# [EXERCISE DESCRIPTION]
Beginning with the line below that contains "Two Aynsley fine" and ending with the line that contains "اسپری ضد جوش", retype every line exactly. Pictures are not copied.

[Records excerpted from a collection]
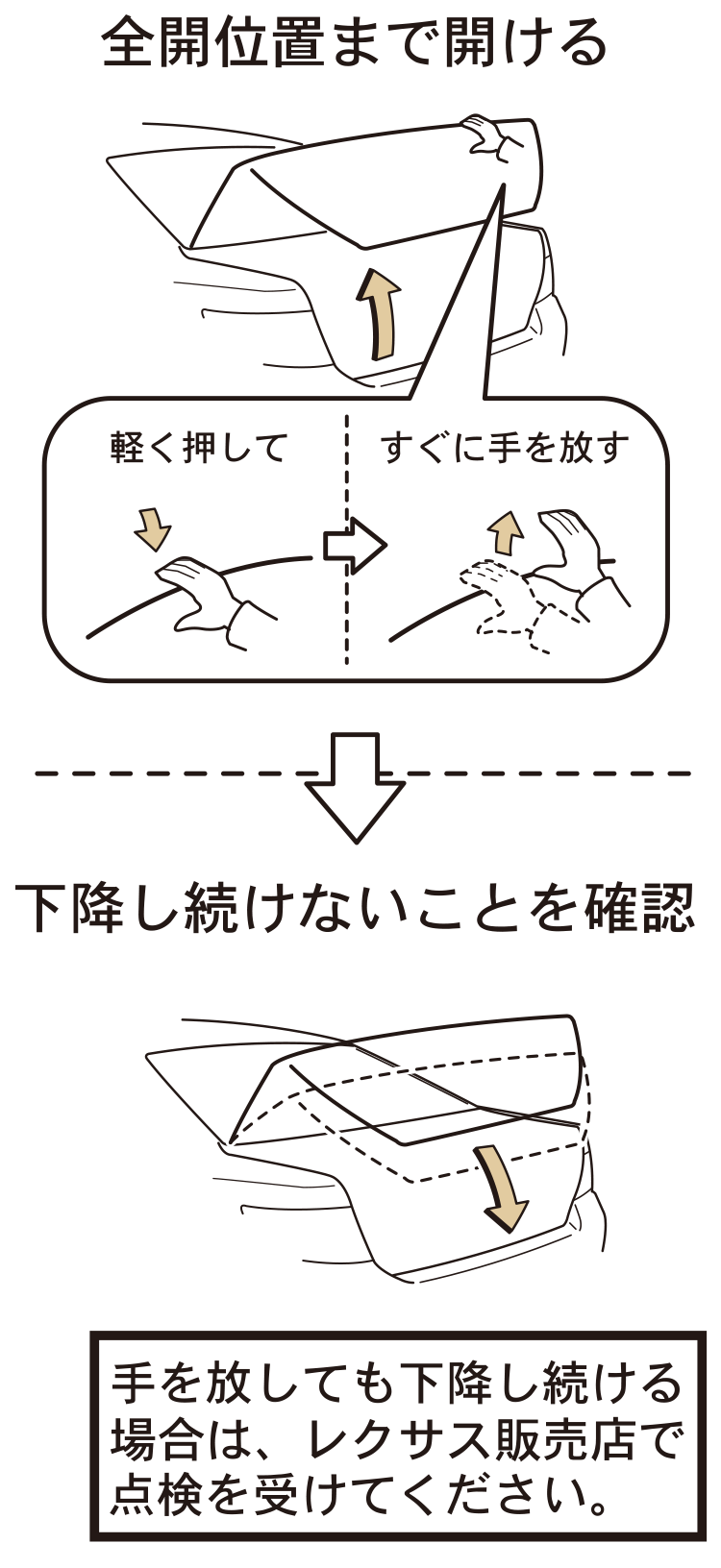 手を放してもさらに下降し続ける場合、ダンパーステーの保持力が低下している可能性があります。レクサス販売店で点検をお受けください。
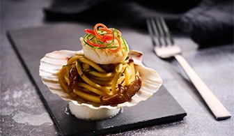 Mušle sv. Jakuba s rezancami a hubami Shii-take
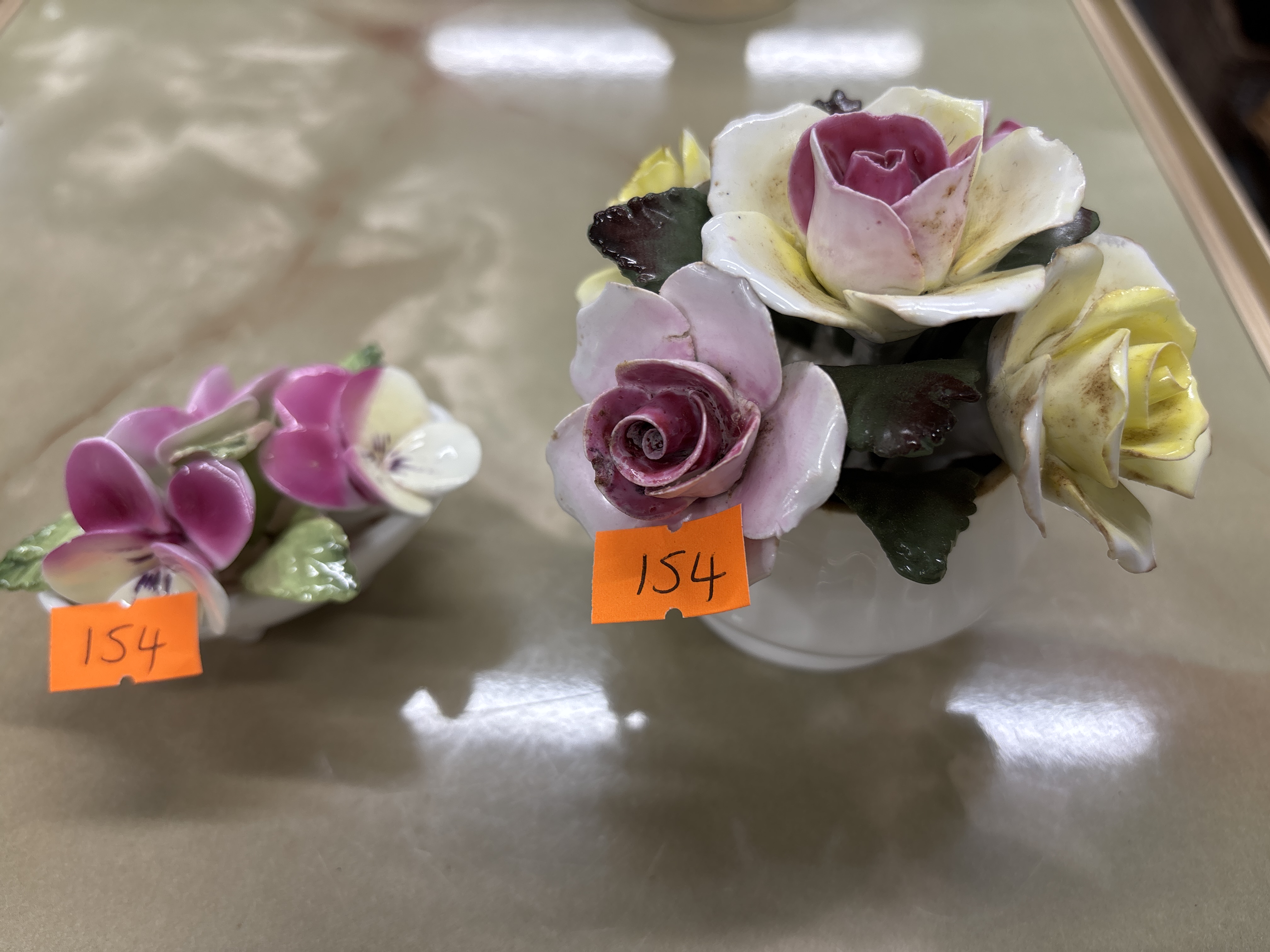 Two Aynsley fine bone china floral ornaments. The first arrangement consists of hand-modelled pink and cream pansies with green leaves. The second arrangement features a bouquet of pink, purple, and yellow roses with dark green foliage, presented in a white glazed ceramic vessel. Both items are manufactured from glazed bone china.
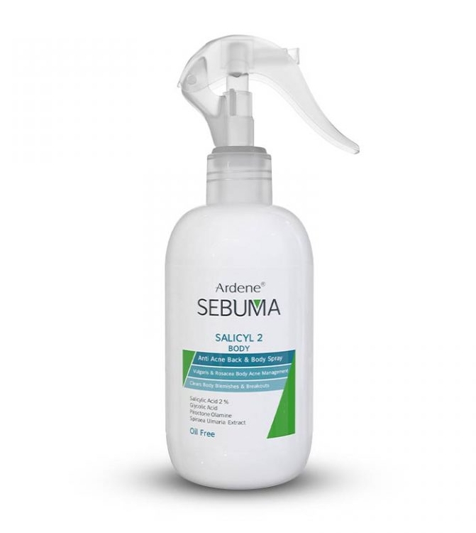 اسپری ضد جوش بدن سبوما آردن دارای پیروکتون اولامین و عصاره جای سبز بوده و موجب تنظیم ترشح چربی و رفع سبوم اضافی پوست میشود. به علاوه این اسپری توسط اسید سالیسیلیک و اسید گلیکولیک لایه برداری قوی و تخریب لایه شاخی و فرسوده پوست را باعث میشود.
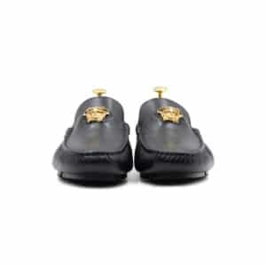 The standout detail is the iconic Medusa head embossed on the upper, a signature gold-tone Versace motif that adds bold luxury to the understated silhouette. The leather-lined interior and cushioned footbed ensure comfort, while the slip-on design allows effortless wear. Ideal for both casual and smart-casual styling, these loafers balance timeless elegance with contemporary Italian craftsmanship.
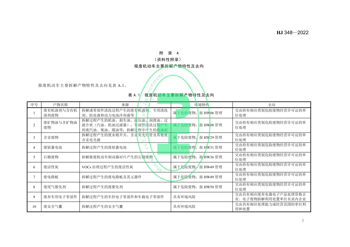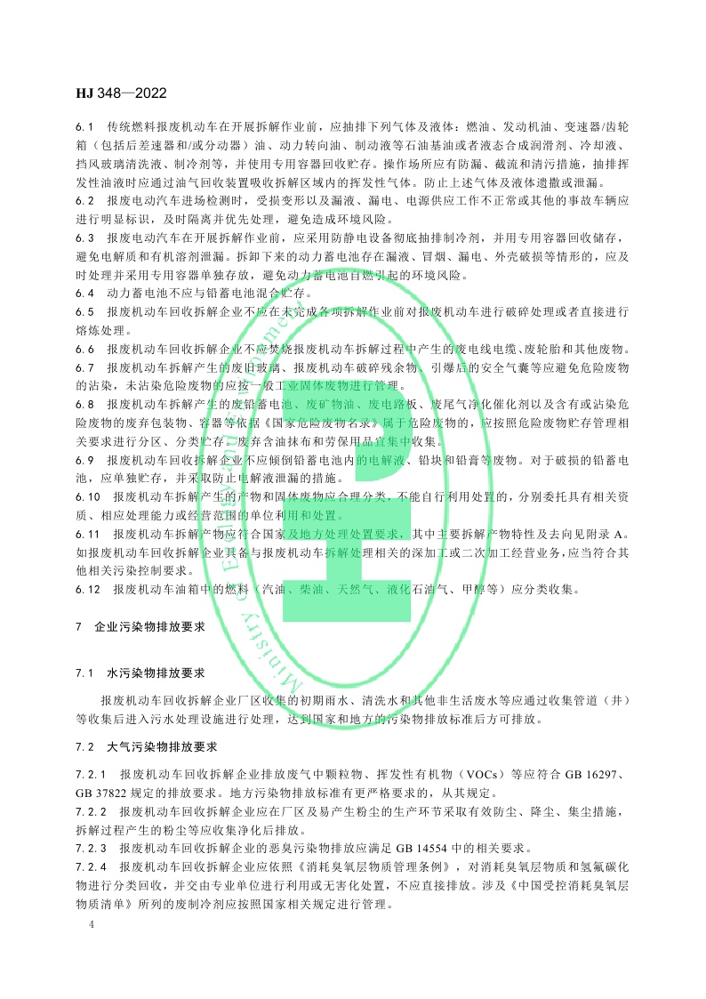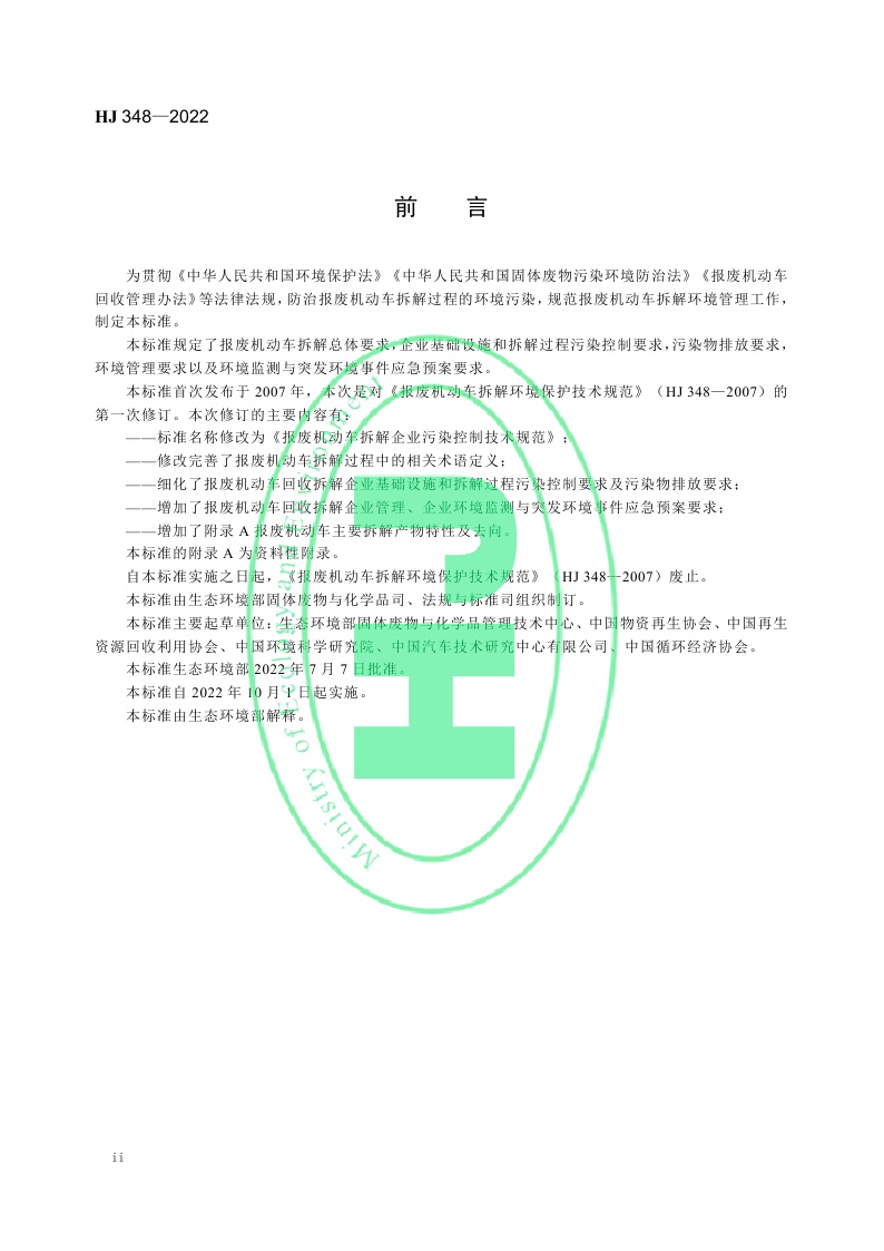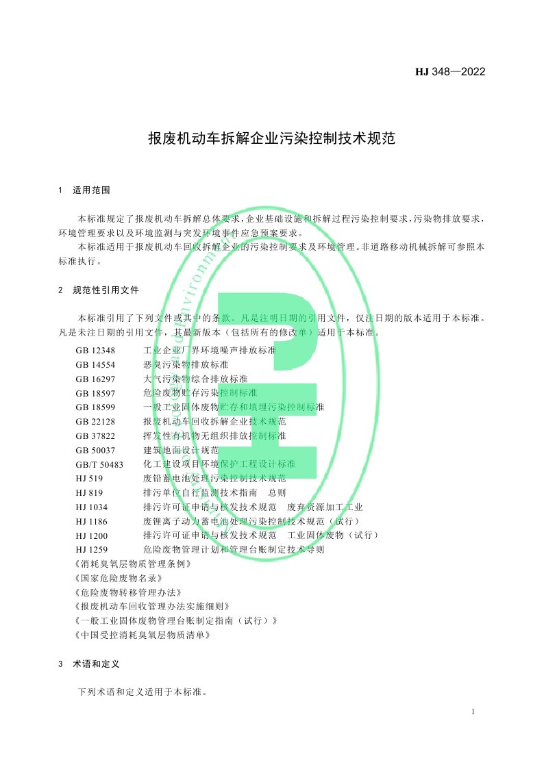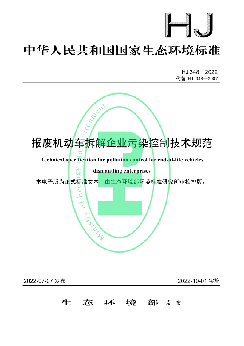 《报废机动车拆解企业污染控制技术规范》(HJ 348—2022)

# [RESULT OF THE TASK]
 Two Aynsley fine bone china floral ornaments. The first arrangement consists of hand-modelled pink and cream pansies with green leaves. The second arrangement features a bouquet of pink, purple, and yellow roses with dark green foliage, presented in a white glazed ceramic vessel. Both items are manufactured from glazed bone china.
 اسپری ضد جوش بدن سبوما آردن دارای پیروکتون اولامین و عصاره جای سبز بوده و موجب تنظیم ترشح چربی و رفع سبوم اضافی پوست میشود. به علاوه این اسپری توسط اسید سالیسیلیک و اسید گلیکولیک لایه برداری قوی و تخریب لایه شاخی و فرسوده پوست را باعث میشود.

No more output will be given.